» BRIEF:
Beginning with the line that holds "大変涼しく、天気も良くて、快適なキャンプでした。 先ずは、食事風景から。 |" and finishing with the line that holds "2) Квадрат имеет", repeat the listing exactly, leaving every picture out.

» ENTRIES SHOWN:
* * *
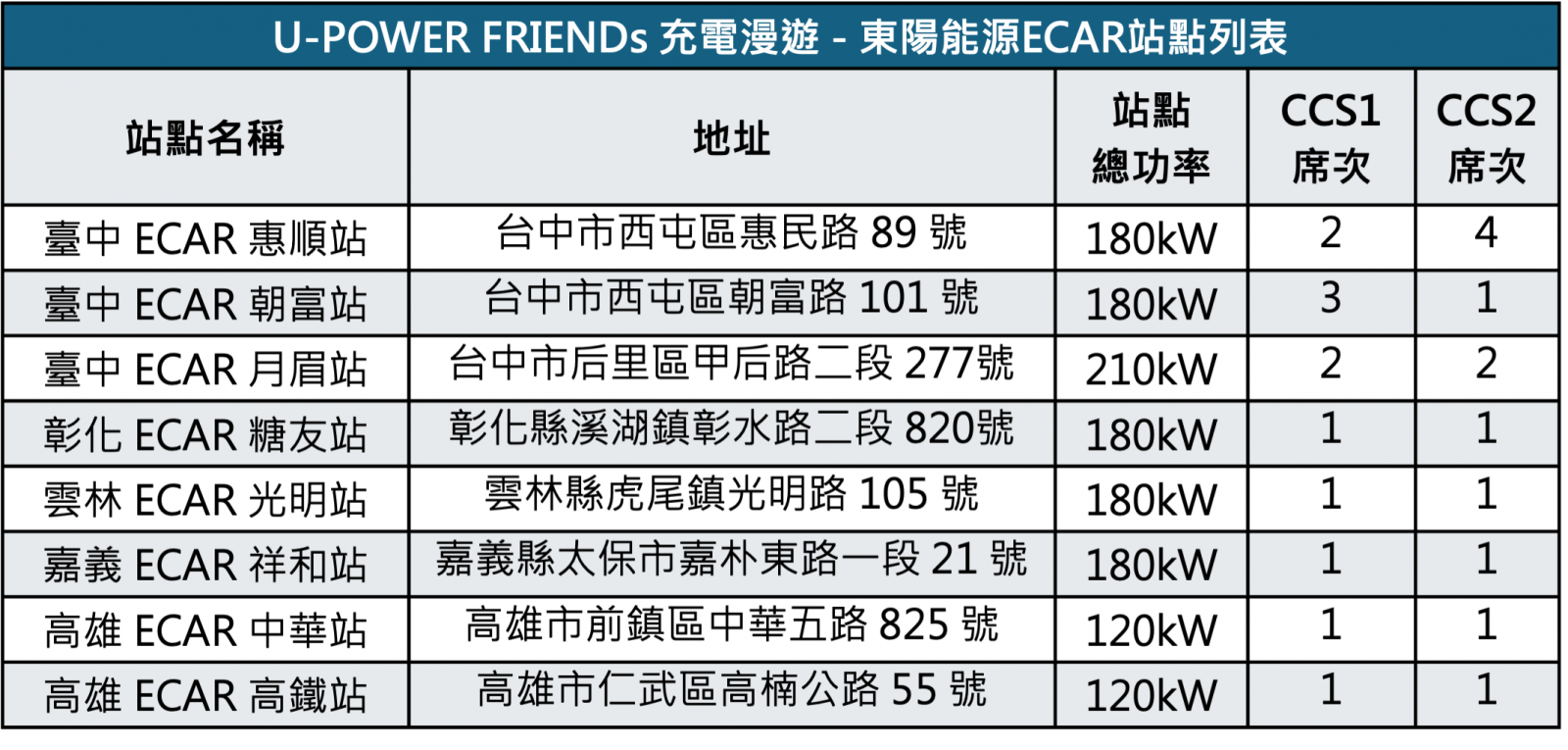 推動電動車在臺灣的發展,一直是 U-POWER 的願景,為提升會員的充電選擇並擴大服務覆蓋範圍,U-POWER 於2025年推出「U-POWER FRIENDs 充電漫遊夥伴」服務,攜手具備穩定營運能力與服務品質的充電營運商,讓會員在不同場域亦能延續熟悉且一致的充電體驗。此次,東陽能源旗下電動車充電站品牌 ECAR 正式加入 U-POWER FRIENDs充電漫遊夥伴行列,進一步強化中南部充電網絡布局,擴大整體服務觸及範圍。
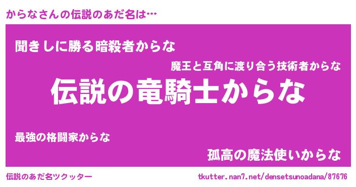 | ヒーロー風カッコイイあだ名 | 『ウルトラ戦士カラナ』『スーパーカラナ』 |
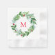 Handpainted Watercolor Holiday Wreath with Initial Napkin
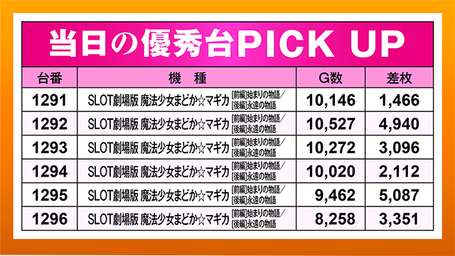 6台設置の『SLOT劇場版 魔法少女まどか☆マギカ[前編]始まりの物語/[後編]永遠の物語』も高稼働。
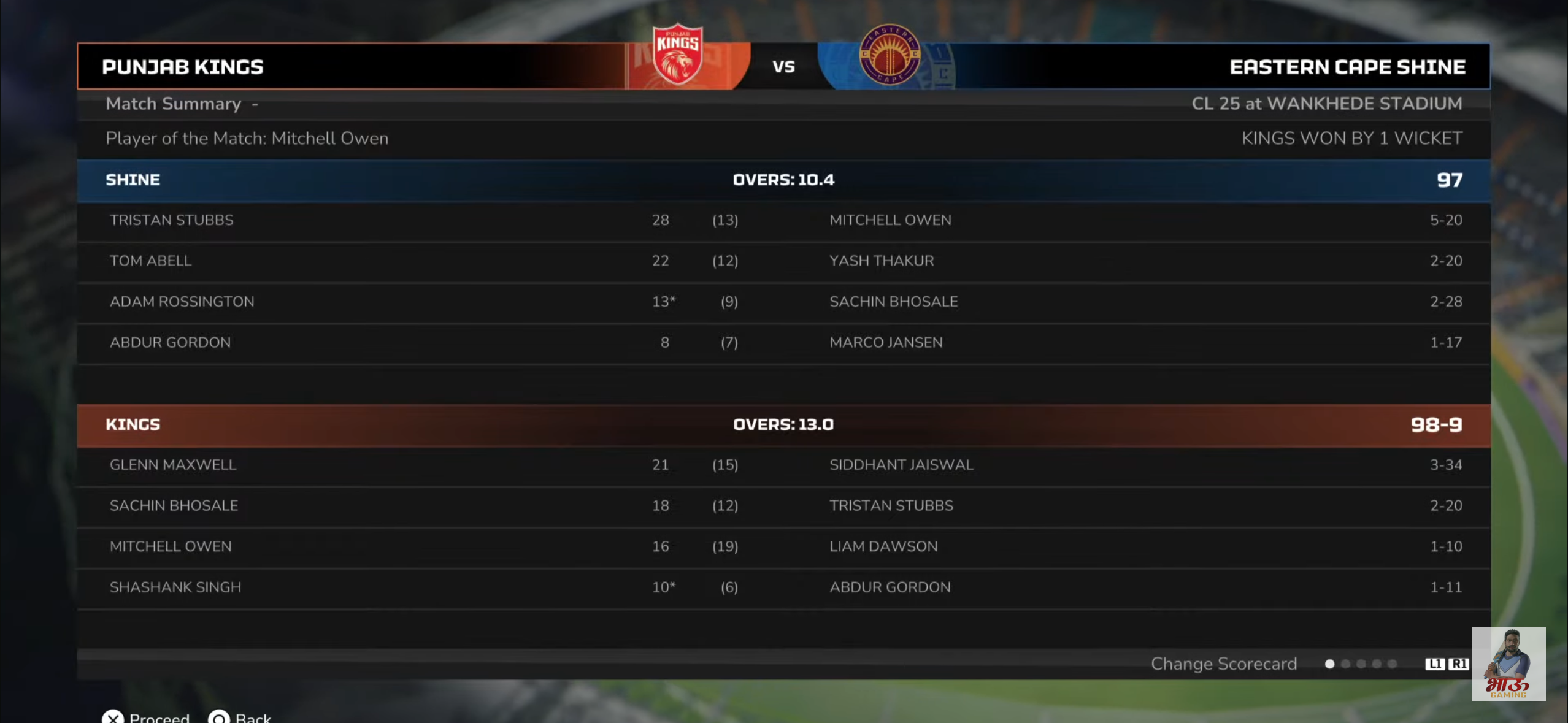| Siddhant Jaiswal : 48/2 - 6.1 Overs |
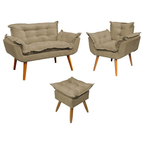 - Não nos responsabilizamos por montagens, subidas de escadas ou elevadores no momento da . Kit Namoradeira Poltrona e Puff Decorativo Para Sala Alice Suede
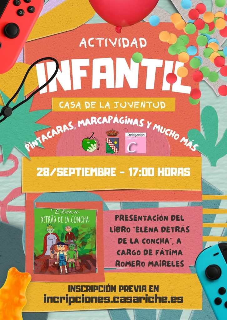 Los más pequeños se divertirán con pintacaras, marcapáginas y muchas más actividades de ocio. Además, la autora del libro «Elena detrás de la concha«, la estepeña Fátima Romero Maireles, lo presentará a todos los asistentes.
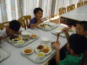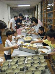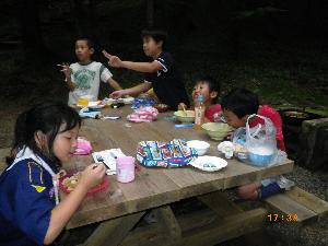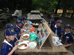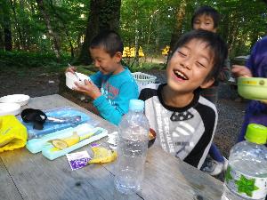 | 大変涼しく、天気も良くて、快適なキャンプでした。 先ずは、食事風景から。 |
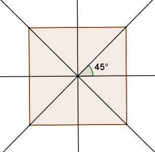 2) Квадрат имеет 4 оси симметрии, каждая проходит либо через противоположные вершины либо через середины противоположных сторон, и угол между любыми двумя осями не меньше 45°.
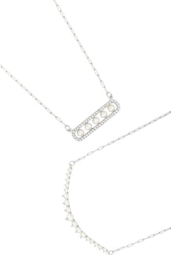 Refresh your day-to-night collection with this set of dainty chain necklaces featuring bar pendants with lustrous freshwater pearls and cubic zirconia.
* * *
» ANSWER SPACE:
 | 大変涼しく、天気も良くて、快適なキャンプでした。 先ずは、食事風景から。 |
 2) Квадрат имеет 4 оси симметрии, каждая проходит либо через противоположные вершины либо через середины противоположных сторон, и угол между любыми двумя осями не меньше 45°.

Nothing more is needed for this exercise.